§ Activity: Write out the opening lines of the data word for word, up to and including the line with "手坐纹身图片_胸部欧美写实纹身图案", and leave every picture and every later line out.

[[ Provided entries open ]]

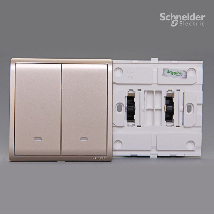 Schneider Fengshang series indulged in gold champagne gold double-controlled switch E8232L2F_WG double-connected panelZoom
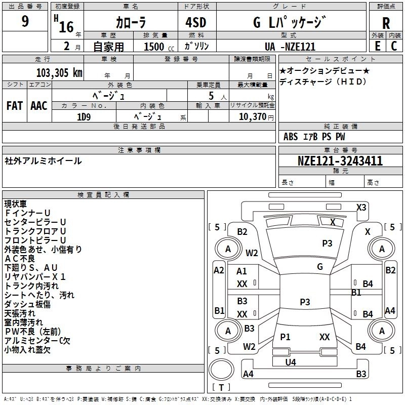 Год выпуска2004 Пробег 103 000 км КузовNZE121 КомплектацияG L PACKAGE
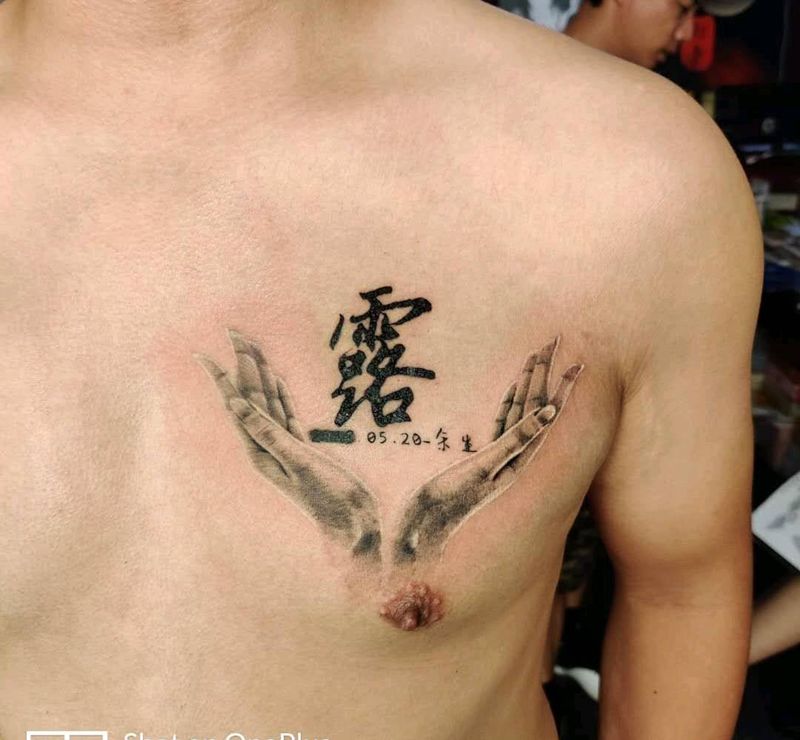 手坐纹身图片_胸部欧美写实纹身图案
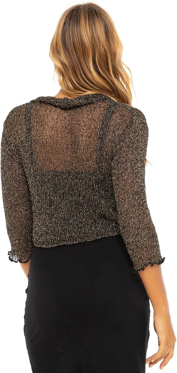 imageBack From Bali Womens Sheer Bolero Shrug Lightweight Knit Sweater for Dresses Cropped Jacket Evening DressesBlack Gold
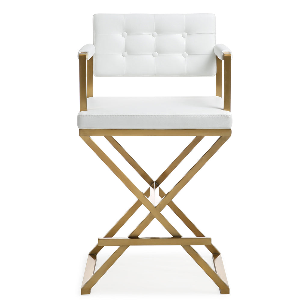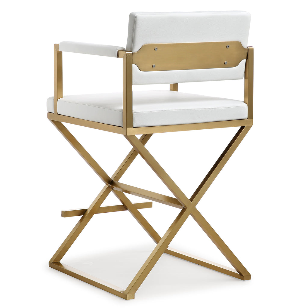 Furnish your kitchen or bar area in contemporary style with the Director stool. The gold solid stainless steel frame provides a sturdy base, while the plush extra deep seat and footrest ensure maximum comfort. The combination of angles and gentle curves gives this stool an eye-catching appearance, while the neutral color allows it to match well with any decor.

[[ Provided entries closed ]]

§ Result of the exercise:
 Schneider Fengshang series indulged in gold champagne gold double-controlled switch E8232L2F_WG double-connected panelZoom
 Год выпуска2004 Пробег 103 000 км КузовNZE121 КомплектацияG L PACKAGE
 手坐纹身图片_胸部欧美写实纹身图案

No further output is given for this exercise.